Meringankan penyakit tanpa obat
- Orang yang memiliki jadwal tidur normal dapat mengurangi gejala sindrom tersebut. Oleh karena itu, sebaiknya usahakan untuk tidur lebih awal dan tidur pada jam-jam yang diperlukan agar tubuh dapat beristirahat dengan baik. Pada gilirannya, idenya adalah menjaga waktu yang sama untuk tidur dan bangun.
- Melakukan olahraga ringan juga terbukti membantu penurunan gejala. Meskipun sebaiknya hal ini dilakukan pada malam hari, yaitu antara jam 6-10 malam tergantung di mana Anda berada dan waktu biasanya Anda tidur.
- Mengurangi atau menghilangkan alkohol, tembakau, dan kafein akan membantu meringankan tanda-tanda penyakit.
- Dimungkinkan juga untuk menerapkan tindakan seperti pemijatan pada ekstremitas, penerapan kompres panas dan mandi air panas, yang dapat meringankan gejalanya.
Penting untuk dicatat bahwa masing-masing tindakan ini dapat membantu pengobatan untuk meringankan penyakit, namun tidak menghilangkannya. Namun, kita juga dapat mencoba memperbaiki kondisi yang berkaitan dengan hal tersebut, misalnya, meningkatkan kadar zat besi atau ferit dalam darah.

Meringankan sindrom menggunakan obat-obatan
Seperti yang telah kami jelaskan sebelumnya, sindrom kaki gelisah berkembang secara progresif, dimulai dengan gejala dari waktu ke waktu dan rasa tidak nyaman yang sedang hingga mempengaruhi kehidupan masyarakat.

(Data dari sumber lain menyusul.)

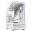 Gabinete mid-tower blanco con diseño panorámico, ventiladores ARGB incluidos y soporte para placas E-ATX, ideal para builds visuales y de alto rendimiento.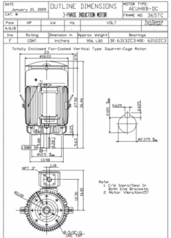 HBV0506C TECO-Westinghouse 50 Hp 1200 RPM 365TC Vertical 460V TEFC Severe Duty Petro-Chem 3-Ph Motor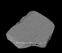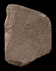 | Description The upper half of the fragment is occupied by the end of an elongated building. It consists of an open space, labelled with the letters BAL and delineated on the short and on the rightmost long side with a colonnade. Two guide lines are visible at top of the inscription and two thirds down. The open space is flanked on the left by a row of interconnecting rooms and on the right by a row of outward-facing tabernae. In front of the tabernae lies an arcade, probably covered. A street runs parallel to the arcade, faced on the opposide side by another arcade and another row of shops. The elongated building is separated from another structure that occupies the bottom third of the fragment. It consists of an open courtyard, flanked on the left by rooms that open onto the yard and on the left by tabernae that back onto it. Two of the tabernae on the right give access to the court. Inside the court yard lies a square feature with two small openings, one in center front, another in the right rear. The square feature is surrounded in front and along the sides by a colonnade and in the back by a closed wall. A set of steps may have run along the entire frontal colonnade.
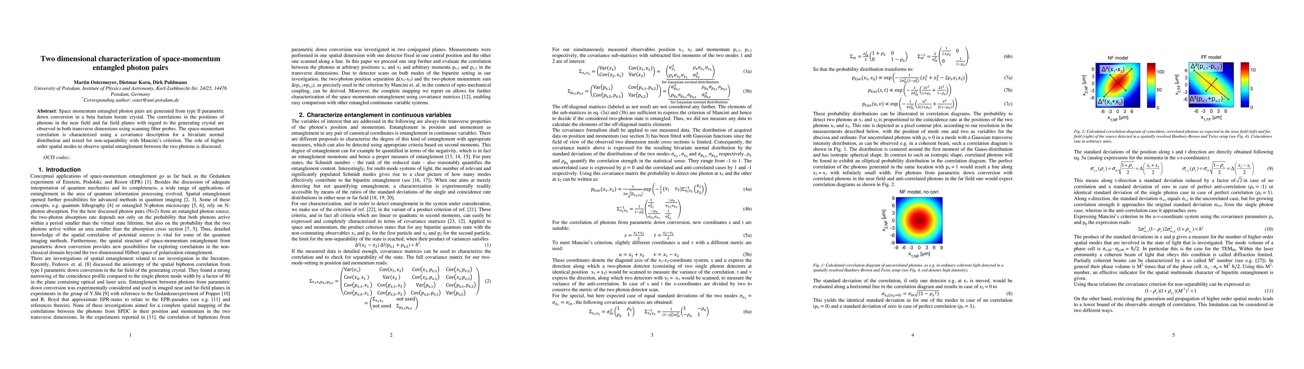 Space momentum entangled photon pairs are generated from type II parametric down conversion in a beta barium borate crystal. The correlations in the positions of photons in the near field and far field planes with regard to the generating crystal are observed in both transverse dimensions using scanning fiber probes. The space-momentum correlation is characterized using a covariance description for a bivariate normal distribution and tested for non-separability with Mancini's criterion. The role of higher order spatial modes to observe spatial entanglement between the two photons is discussed.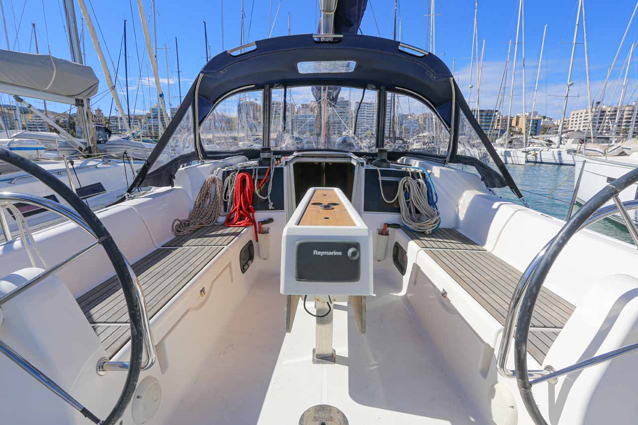 | Outside | 220 V-Landanschluss, Anker mit Kette, Ankerwinsch, Biminitop, Bootshaken, Cockpitdusche, Cockpitlautsprecher, Cockpitpolster, Cockpittisch, elektr. Ankerwinsch, Fender, Festmacherleinen, Gangway, Kugelfender, Kunststoff-Eimer (Pütz), Solaranlage, Sprayhood, Teak im Cockpit, Wantenschneider, Wasserschlauch, Windex |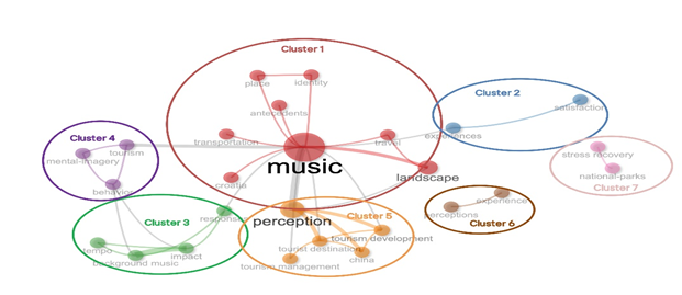 A significant number of articles focus on experiential marketing, particularly examining atmospheric sounds and behavioural responses in both domains. Specifically, “background music” emerged as the most frequent term in the marketing domain, while “music” was the main in the tourism field. The relationship between music and tourism has recently been assessed by Moreno-Lobato et al. (2023), highlighting the importance of emotions in conjunction with music elements and tools, with an increase in interest over the past decade. Research within the analysed clusters in both domains directly relates to consumers’ responses and perceptions, encompassing concepts such as memory, gender, tempo, and mood in the marketing field, and factors like authenticity, identity, and tourism development in the tourism domain (RQ3).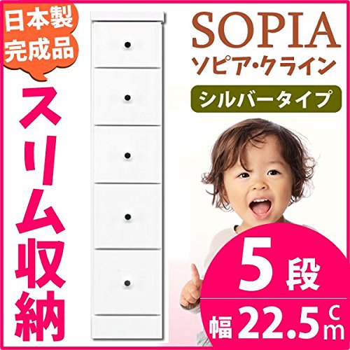すき間収納 チェスト 幅22.5cm 5段 (本体:ホワイト、取っ手:シルバータイプ&色おまかせ) 【日本製 完成品】 大川家具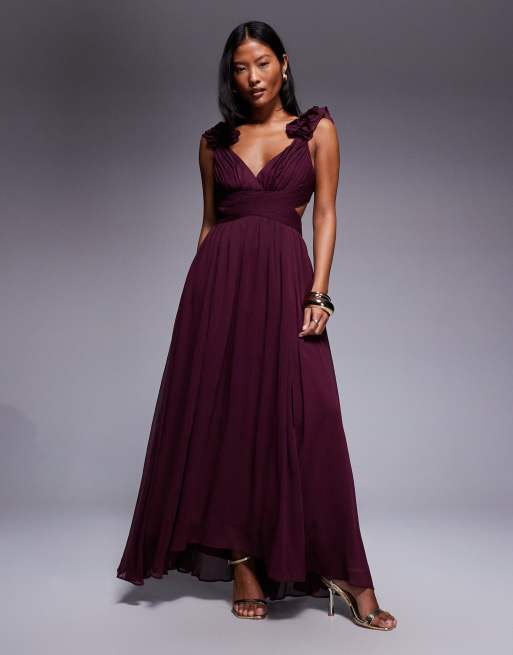 Forever New Petite – Portvinsröd midaxiklänning med volanger på axlarna

Oleh karena itu, disarankan untuk menggabungkan tindakan non-farmakologis dengan penggunaan obat-obatan; dengan cara ini meningkatkan kemungkinan kesembuhan dan mengurangi dosis obat. Di antara obat-obatan yang dapat digunakan untuk mengobati penyakit ini, kami temukan Pramipexole, ropinirole, narkotika, sinemet, gabapntin dan clonazepam. Meskipun demikian, di bawah ini kami akan menjelaskan obat yang paling banyak digunakan dan alasannya.
- Obat-obatan yang juga digunakan untuk penyakit Parkinson dapat digunakan untuk mengobati penyakit tersebut. Diantaranya adalah pramipexole, ropirinol, dan lain-lain.
- Clonazepam atau diazepam biasanya sangat efektif untuk orang yang memiliki gejala ringan; yang membantu pasien tidur nyenyak dan tidak menderita akibat utama dari kondisi ini.
- Dalam beberapa kasus, pasien dapat menggunakan opioid, yang membantu merilekskan dan meringankan ketidaknyamanan akibat sindrom kaki gelisah. Soalnya efek sampingnya bisa mengganggu, yang paling umum adalah mual, pusing, dan kemungkinan kecanduan obat.